▶ _Data provided_:
[Start of section]
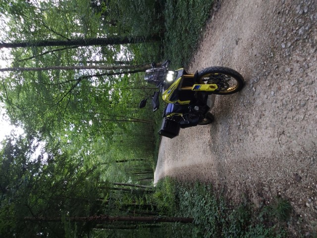 Der Termin den ich Anfangs erwähnte, ist ein Motorradausflug mit meiner Guggenmusik. Eine Vereinigung meiner Sommer und Winterbeschäftigung, sozusagen. Da nicht alle Guggenmitglieder einen Motorradführerschein haben, brauchte es ein paar Fahrer, die ihren Soziusplatz zur Verfügung stellten. Was ich auch tat, mit der Hoffnung auf etwas Unterhaltung während der Fahrt. Aus diesem Grund machte ich vor der grossen Guggenausfahrt noch eine Feierabendtour mit der Suzukisoziusexpertin, meiner Freundin. Wir machten eine kurze Feierabendtour durch die heimischen Hügel. Ihre Expertise zur Suzuki V-Strom 1050 DE Extrem war: «Der Bequemste, mit dem ich bis anhin mitgefahren bin!». Ich fragte, leicht überrascht: «Bequemer als meine alte Suzuki GS 1100 GK?». Und die Antwort war «Ja!».
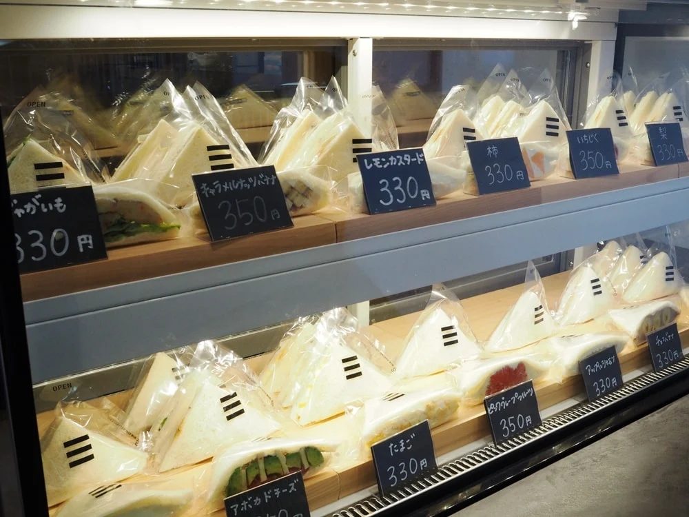 お店のショーケースには色鮮やかなフルーツサンドが並び、いつ訪れても旬の果物が楽しめます。
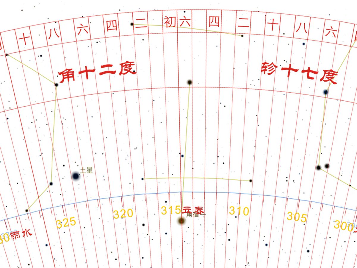 我把角宿的起点线放在角宿一,当时角宿一黄经还不到315°。
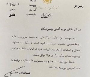 به گزارش پایگاه خبری تحلیلی پایشگر، عبدالناصر همتی رئیس کل بانک مرکزی با صدور حکمی مریم آقائی را بعنوان سرپرست روابط عمومی این بانک منصوب کرد.
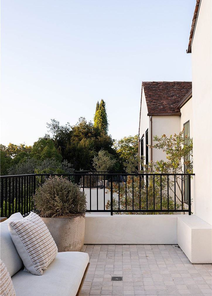 A serene patio space featuring neutral-toned stone tiles underfoot and a cozy cushioned bench, adorned with striped throw pillows in soft beige and white. A large modern planter overflows with greenery beside the seating, adding a natural touch. The iron railing frames the area, offering a sense of enclosure while maintaining open views of lush surrounding trees and manicured landscaping. Crisp white walls of the house contrast with the chocolate brown roof tiles and black window trim, contributing to a clean, elegant, and timeless Mediterranean-inspired aesthetic bathed in gentle natural light.
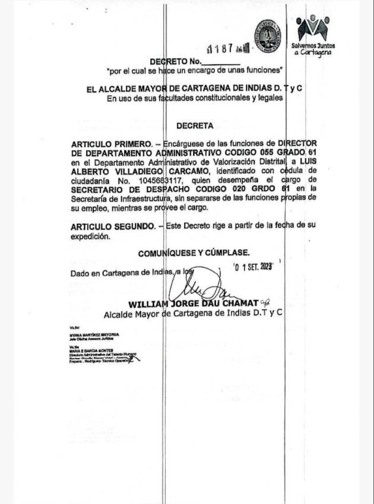 Mediante el Decreto 1187 del 01 de septiembre de 2023, el alcalde William Dau designó a Luis Villadiego Cárcamo, actual secretario de Infraestructura, como director encargado de Valorización.
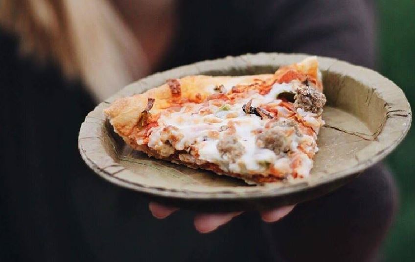 Plates made by Leaves Plate Company have a smaller carbon footprint in the manufacturing process and are biodegradable and compostable.
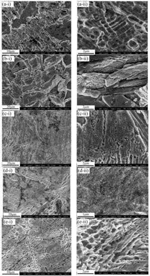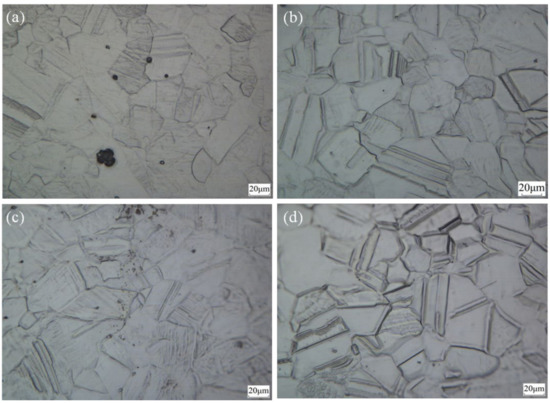 The metallographic morphology was characterized through an optical microscope (GX51, Olympus, Tokyo, Japan). The illuminant of the OM was 6v30whal halogen lamps and reflective light mode was operated. The microstructure and was characterized through the scanning electron microscopy (SEM, ZEISS SUPRE40, Jena, Germany). The accelerating voltage was 10 kV, and the mode for SEM observation was InLens (an imaging method for receiving SE1 signals proposed by ZEISS Company).
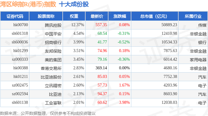 湾区综指R(港币)(480004)指数十大成份股详情如下:
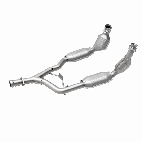 MagnaFlow HM Grade Federal/EPA Compliant Direct-Fit Catalytic Converter 93344 helps keep the check engine light off. DIY installation is easy with the proper tools (no cutting or welding required). With features including mandrel-bent tubing to eliminate flow restrictions and stainless steel construction to resist corrosion, you can have confidence in the quality of this catalytic converter. Using state-of-the-art 3D scanning systems in the design process, the MagnaFlow metrology department ensures this new part to fit and function like the original equipment. This direct-fit catalytic converter is designed specifically for the 1996-1998 Ford Mustang and interchanges with OE parts F6ZZ-5F250-UA and F8ZZ-5F250-AA. Hardware is included to eliminate the hassle of working with corroded factory parts. This replacement part is designed to meet or exceed Federal emissions requirements set forth by the EPA, complying with legal standards for OBDII Federally registered vehicles with Federal/EPA Emission systems.
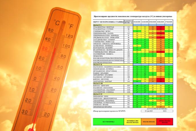 - Prognozirane vrednosti maksimalne dnevne temperature vazduha biće u domenu veoma opasne pojave 26. juna na teritoriji grada Beograda i južnobanatskog okruga od 30. juna do 2. jula, a potencijalno i na teritoriji grada Beograda, severnobačkog, srednjobanatskog, južnobanatskog, borskog i zaječarskog okruga u periodu od 24. do 27. juna.
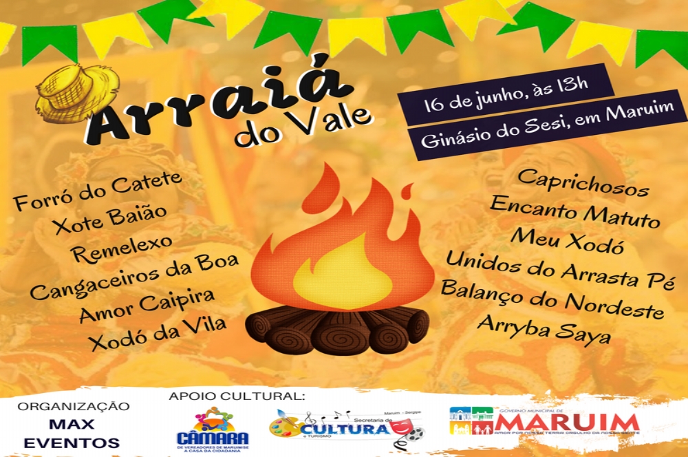 No próximo sábado, 16, a partir das 13h, no Ginásio de Esportes do Sesi, em Maruim/SE, acontece o 1° Concurso de Quadrilhas Juninas do Vale do Cotinguiba. O evento é promovido por Max Eventos com apoio cultural da Câmara de Vereadores de Maruim e da Prefeitura de Maruim, através da Secretaria Municipal de Cultura e Turismo.
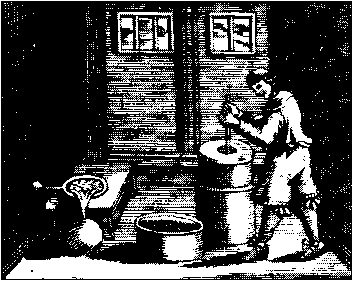 On the right a man works a pestle in a large mortar. Liquid pours from flat vessel on table into round receiver.
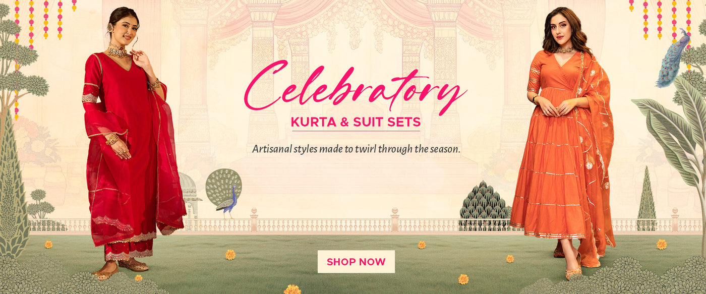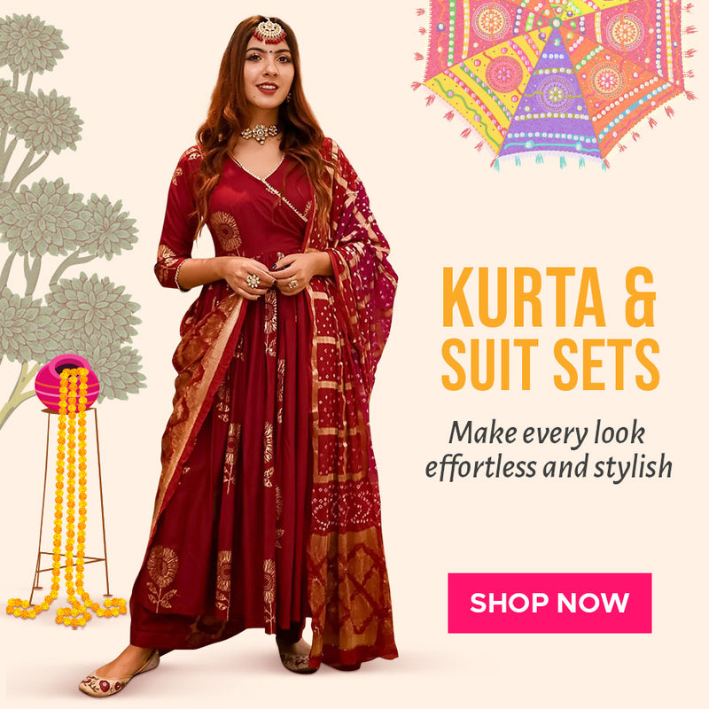 Shop By Prints: Ajrakh Suit Sets | Indigo Suit Sets | Floral Suits Sets | Paisley Suit Sets.
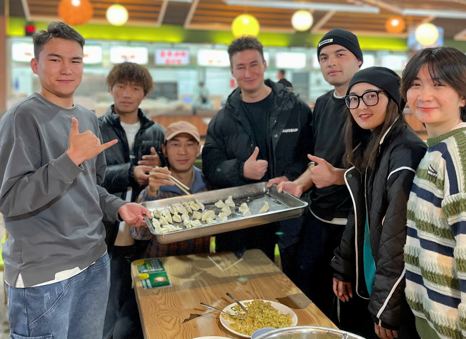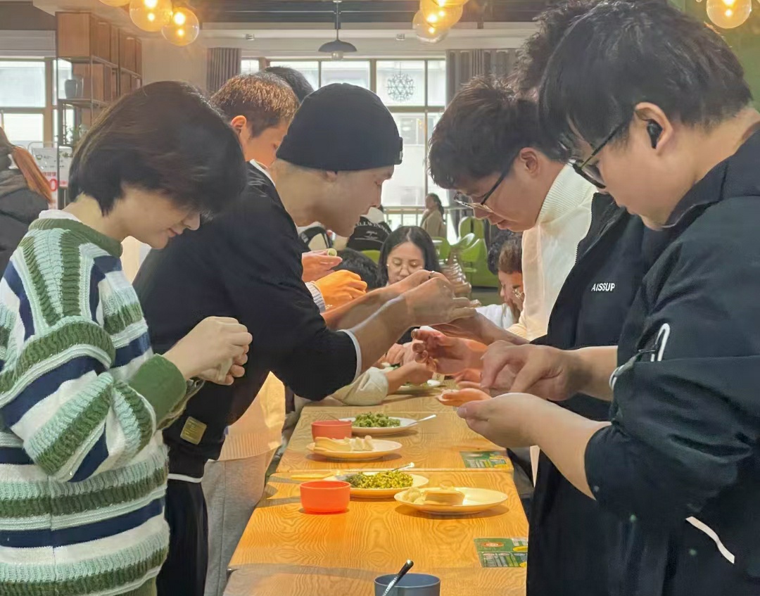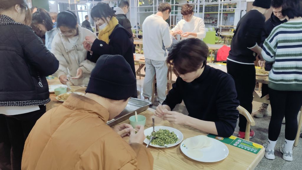 活动伊始,先是由班委组织大家进行手部清洁和消毒,确保包饺子过程中的安全卫生;紧接着,同学们自由组队,分成三支小队,在三张长桌上同时开始包饺子。作为中华民族传统美食,饺子承载着吉祥如意的美好意愿。在正式开始之后同学们各自都大显身手,有的同学熟练掌握包饺子技巧,短短时间就包出了外形美观,馅料饱满的“漂亮”饺子,也有同学充分发挥想象力和创造力,包出了奇形怪状、令人捧腹的“可爱”饺子,在欢愉的气氛中同学们一遍创作美食作品一边交流饺子文化与传统习俗,从开始的稍显稚嫩,到逐渐得心应手,同学们在不断尝试中掌握了包饺子的要领。终于在大家的齐心协力下,伴随着升腾的热气,同学们亲手制作的饺子也新鲜出炉,大家都排排坐等待品尝自己的劳动成果。辅导员赵佳慧说,希望同学们通过这次包饺子的活动,充分体会到劳动的不易,做到珍惜粮食;同时希望大家可以通过丰富多彩的活动加强交流,增进情感。
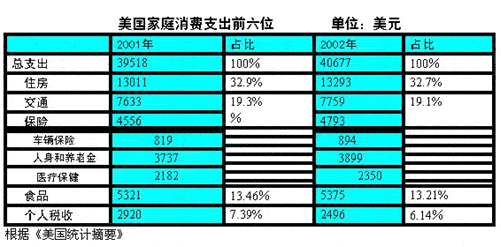 美国家庭消费支出前六位
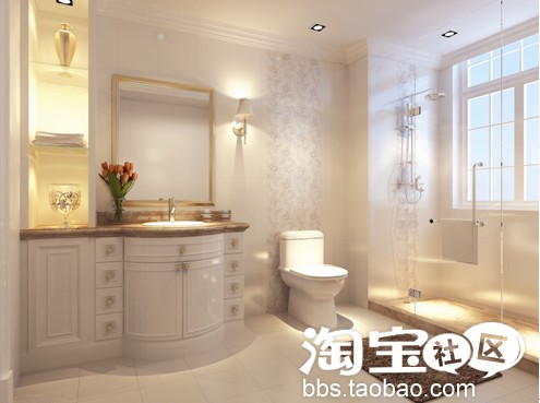 浴室吊顶可以根据不同造型,选用多种材料,如平顶可以用PVC扣板、铝扣板、塑铝板,配以轻钢龙骨。一般吊顶高度可设计在2.2米~2.4米之间。在面积超过8平方米时,不妨在洗面盆上方安装化妆品柜,离水源较远处挂置储衣箱,或划出一块地方做日常更衣之用。湿度较高的环境也要求浴室里的家具经得住考验,一定要选择防水防潮等级高的板材。
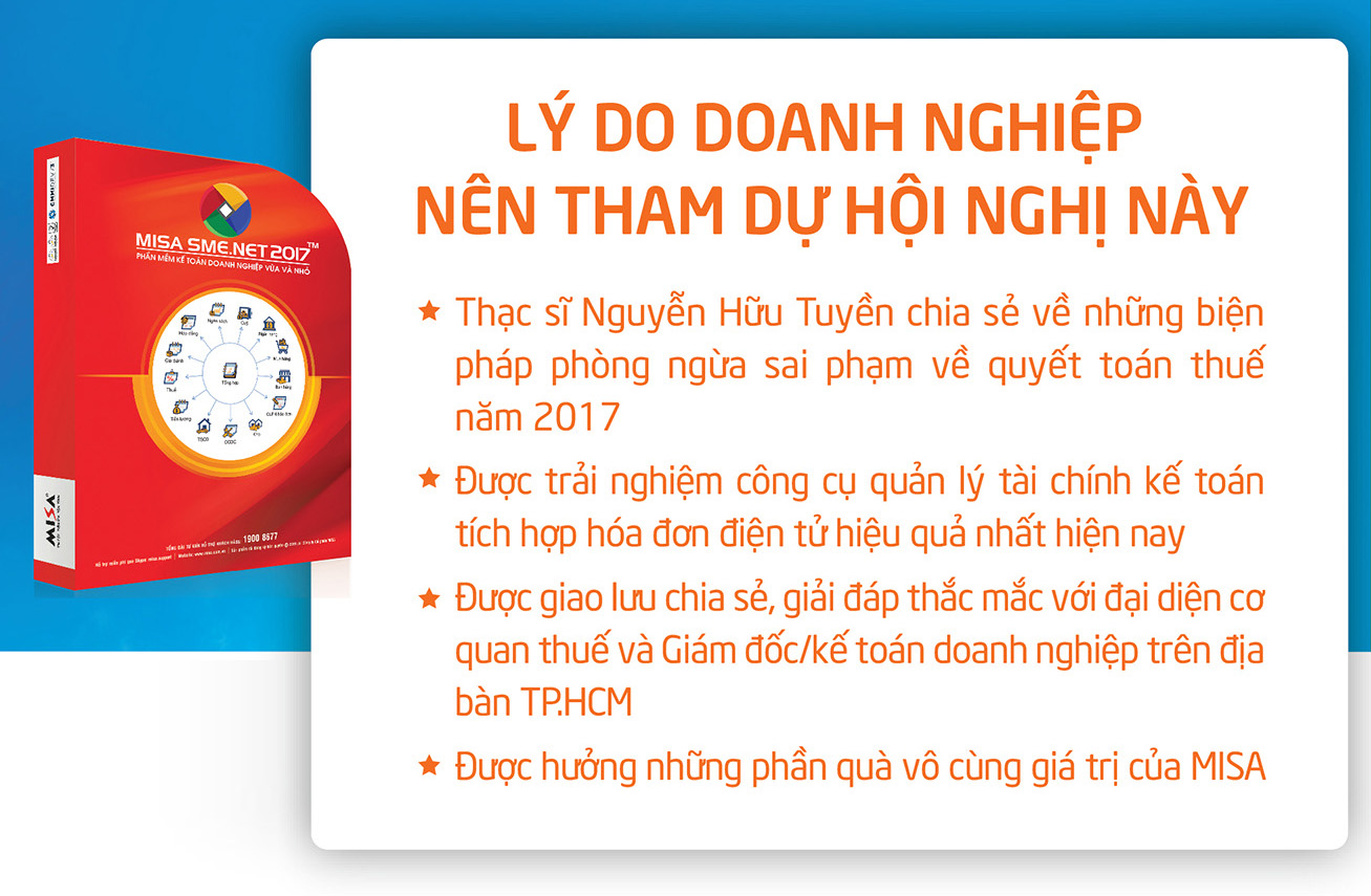 Đối với mỗi kì quyết toán, doanh nghiệp luôn đối mặt với áp lực từ phía cơ quan thuế khi phải giải trình cũng như chuẩn bị đầy đủ chứng từ đối với mỗi nghiệp vụ phát sinh tại công ty. Hiểu được điều đó MISA sẽ giúp cho khách hàng nắm rõ các hồ sơ để phục vụ công tác quyết toán Thuế năm 2017. Đồng thời năm 2018 sẽ là năm ứng dụng rộng rãi hóa đơn điện tử để tiết kiệm 80% chi phí hóa đơn. Công ty Cổ phần MISA tổ chức buổi hội thảo:
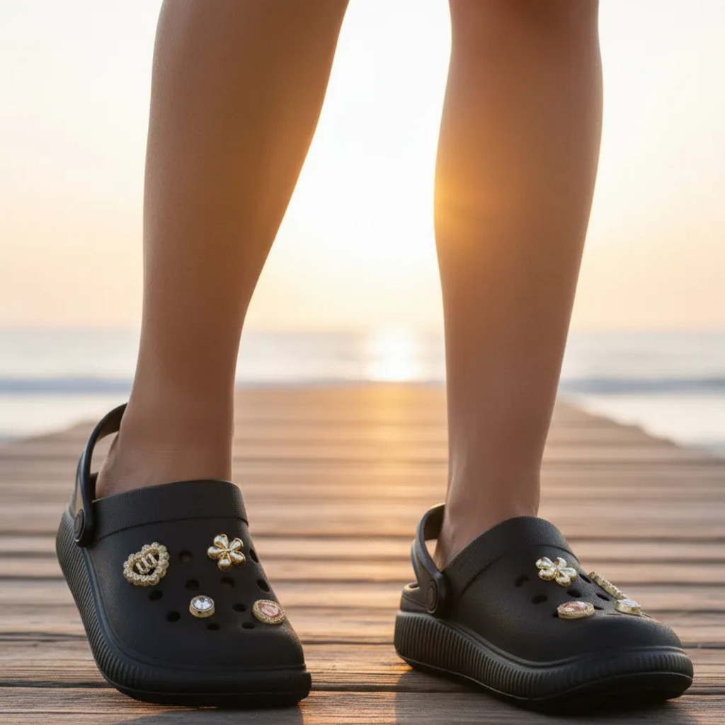 Sandália Molekinha Meninas Clog Colorida com Pins Dourados Metálicos Crianças Babuche Original
[End of section]
▶ _What the task requires_: For this exercise, set down the lines in the entries above from the one with "On the right" through the one with "Shop By Prints: Ajrakh" exactly as written, without any pictures.

▶ _Finished task_:
 On the right a man works a pestle in a large mortar. Liquid pours from flat vessel on table into round receiver.
 Shop By Prints: Ajrakh Suit Sets | Indigo Suit Sets | Floral Suits Sets | Paisley Suit Sets.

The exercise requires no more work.